### WORK ORDER:
Your answer should be only the lines below from the one with "Introducing our latest" to the one with "Mitte Februar 2022", repeated exactly, ends included.
[STORED DATA Boundary: Start]
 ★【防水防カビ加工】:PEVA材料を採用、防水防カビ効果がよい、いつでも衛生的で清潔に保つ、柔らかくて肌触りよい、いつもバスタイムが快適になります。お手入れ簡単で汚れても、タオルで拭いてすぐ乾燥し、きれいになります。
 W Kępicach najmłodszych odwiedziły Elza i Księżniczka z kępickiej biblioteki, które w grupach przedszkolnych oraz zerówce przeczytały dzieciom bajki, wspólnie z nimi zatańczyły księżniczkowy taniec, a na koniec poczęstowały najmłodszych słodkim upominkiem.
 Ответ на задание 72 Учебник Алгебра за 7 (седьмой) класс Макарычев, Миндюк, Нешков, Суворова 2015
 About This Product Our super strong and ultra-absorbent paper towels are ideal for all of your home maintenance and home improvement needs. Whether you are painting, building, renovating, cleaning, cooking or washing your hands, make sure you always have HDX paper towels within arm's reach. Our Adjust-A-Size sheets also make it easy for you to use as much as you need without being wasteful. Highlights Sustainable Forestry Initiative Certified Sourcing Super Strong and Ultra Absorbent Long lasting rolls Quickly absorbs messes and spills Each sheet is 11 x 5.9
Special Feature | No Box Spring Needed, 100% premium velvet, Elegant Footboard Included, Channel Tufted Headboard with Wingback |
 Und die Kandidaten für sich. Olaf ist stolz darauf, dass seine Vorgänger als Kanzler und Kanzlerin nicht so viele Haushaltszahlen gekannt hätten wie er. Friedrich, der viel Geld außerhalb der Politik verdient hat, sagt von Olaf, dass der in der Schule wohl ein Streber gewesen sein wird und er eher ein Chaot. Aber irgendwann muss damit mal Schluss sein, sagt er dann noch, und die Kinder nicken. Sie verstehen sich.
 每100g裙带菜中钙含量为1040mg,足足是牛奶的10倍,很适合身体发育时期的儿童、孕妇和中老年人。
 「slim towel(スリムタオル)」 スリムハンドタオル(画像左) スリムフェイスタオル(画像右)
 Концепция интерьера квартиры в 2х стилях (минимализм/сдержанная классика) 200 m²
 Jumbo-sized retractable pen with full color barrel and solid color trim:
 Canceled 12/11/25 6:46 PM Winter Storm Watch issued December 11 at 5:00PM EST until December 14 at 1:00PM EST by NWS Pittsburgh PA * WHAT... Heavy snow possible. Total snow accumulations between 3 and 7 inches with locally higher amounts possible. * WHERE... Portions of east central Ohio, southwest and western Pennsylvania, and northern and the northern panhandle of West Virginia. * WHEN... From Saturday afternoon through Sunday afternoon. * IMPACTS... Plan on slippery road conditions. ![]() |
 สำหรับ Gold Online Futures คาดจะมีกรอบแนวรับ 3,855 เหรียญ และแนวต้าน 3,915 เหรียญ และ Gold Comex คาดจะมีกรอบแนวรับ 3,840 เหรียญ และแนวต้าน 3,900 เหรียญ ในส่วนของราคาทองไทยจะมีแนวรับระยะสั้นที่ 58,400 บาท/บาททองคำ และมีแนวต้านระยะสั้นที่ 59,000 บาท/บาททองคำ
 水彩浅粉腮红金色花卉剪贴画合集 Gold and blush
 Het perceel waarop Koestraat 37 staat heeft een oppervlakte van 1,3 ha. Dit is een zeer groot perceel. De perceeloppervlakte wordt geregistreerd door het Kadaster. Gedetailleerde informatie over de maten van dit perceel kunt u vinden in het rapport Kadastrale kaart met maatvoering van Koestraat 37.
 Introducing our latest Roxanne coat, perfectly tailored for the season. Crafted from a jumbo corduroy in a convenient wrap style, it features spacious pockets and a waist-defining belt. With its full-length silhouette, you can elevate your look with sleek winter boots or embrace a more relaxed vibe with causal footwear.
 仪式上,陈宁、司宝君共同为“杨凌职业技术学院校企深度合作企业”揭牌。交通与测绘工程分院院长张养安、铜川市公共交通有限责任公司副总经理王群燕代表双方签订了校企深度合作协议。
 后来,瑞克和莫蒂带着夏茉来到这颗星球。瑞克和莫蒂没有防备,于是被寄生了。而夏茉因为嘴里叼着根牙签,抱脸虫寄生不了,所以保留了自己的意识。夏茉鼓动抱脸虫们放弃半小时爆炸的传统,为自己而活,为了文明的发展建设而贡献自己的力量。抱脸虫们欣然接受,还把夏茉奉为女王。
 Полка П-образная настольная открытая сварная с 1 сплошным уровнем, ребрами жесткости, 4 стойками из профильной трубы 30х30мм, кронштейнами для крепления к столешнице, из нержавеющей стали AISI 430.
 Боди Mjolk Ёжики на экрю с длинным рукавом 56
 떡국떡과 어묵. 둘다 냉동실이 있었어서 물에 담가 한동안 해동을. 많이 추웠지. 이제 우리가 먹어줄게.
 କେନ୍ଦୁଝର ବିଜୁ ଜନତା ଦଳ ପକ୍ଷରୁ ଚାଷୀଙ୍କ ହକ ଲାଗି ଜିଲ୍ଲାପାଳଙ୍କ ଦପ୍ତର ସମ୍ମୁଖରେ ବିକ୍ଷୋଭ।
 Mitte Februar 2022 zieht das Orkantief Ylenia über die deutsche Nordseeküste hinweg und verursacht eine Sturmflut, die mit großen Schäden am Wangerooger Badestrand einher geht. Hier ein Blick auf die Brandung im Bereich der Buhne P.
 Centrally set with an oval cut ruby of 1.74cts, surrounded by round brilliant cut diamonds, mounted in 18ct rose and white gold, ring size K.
[STORED DATA Boundary: End]
### RESULT FOR THIS TASK:
 Introducing our latest Roxanne coat, perfectly tailored for the season. Crafted from a jumbo corduroy in a convenient wrap style, it features spacious pockets and a waist-defining belt. With its full-length silhouette, you can elevate your look with sleek winter boots or embrace a more relaxed vibe with causal footwear.
 仪式上,陈宁、司宝君共同为“杨凌职业技术学院校企深度合作企业”揭牌。交通与测绘工程分院院长张养安、铜川市公共交通有限责任公司副总经理王群燕代表双方签订了校企深度合作协议。
 后来,瑞克和莫蒂带着夏茉来到这颗星球。瑞克和莫蒂没有防备,于是被寄生了。而夏茉因为嘴里叼着根牙签,抱脸虫寄生不了,所以保留了自己的意识。夏茉鼓动抱脸虫们放弃半小时爆炸的传统,为自己而活,为了文明的发展建设而贡献自己的力量。抱脸虫们欣然接受,还把夏茉奉为女王。
 Полка П-образная настольная открытая сварная с 1 сплошным уровнем, ребрами жесткости, 4 стойками из профильной трубы 30х30мм, кронштейнами для крепления к столешнице, из нержавеющей стали AISI 430.
 Боди Mjolk Ёжики на экрю с длинным рукавом 56
 떡국떡과 어묵. 둘다 냉동실이 있었어서 물에 담가 한동안 해동을. 많이 추웠지. 이제 우리가 먹어줄게.
 କେନ୍ଦୁଝର ବିଜୁ ଜନତା ଦଳ ପକ୍ଷରୁ ଚାଷୀଙ୍କ ହକ ଲାଗି ଜିଲ୍ଲାପାଳଙ୍କ ଦପ୍ତର ସମ୍ମୁଖରେ ବିକ୍ଷୋଭ।
 Mitte Februar 2022 zieht das Orkantief Ylenia über die deutsche Nordseeküste hinweg und verursacht eine Sturmflut, die mit großen Schäden am Wangerooger Badestrand einher geht. Hier ein Blick auf die Brandung im Bereich der Buhne P.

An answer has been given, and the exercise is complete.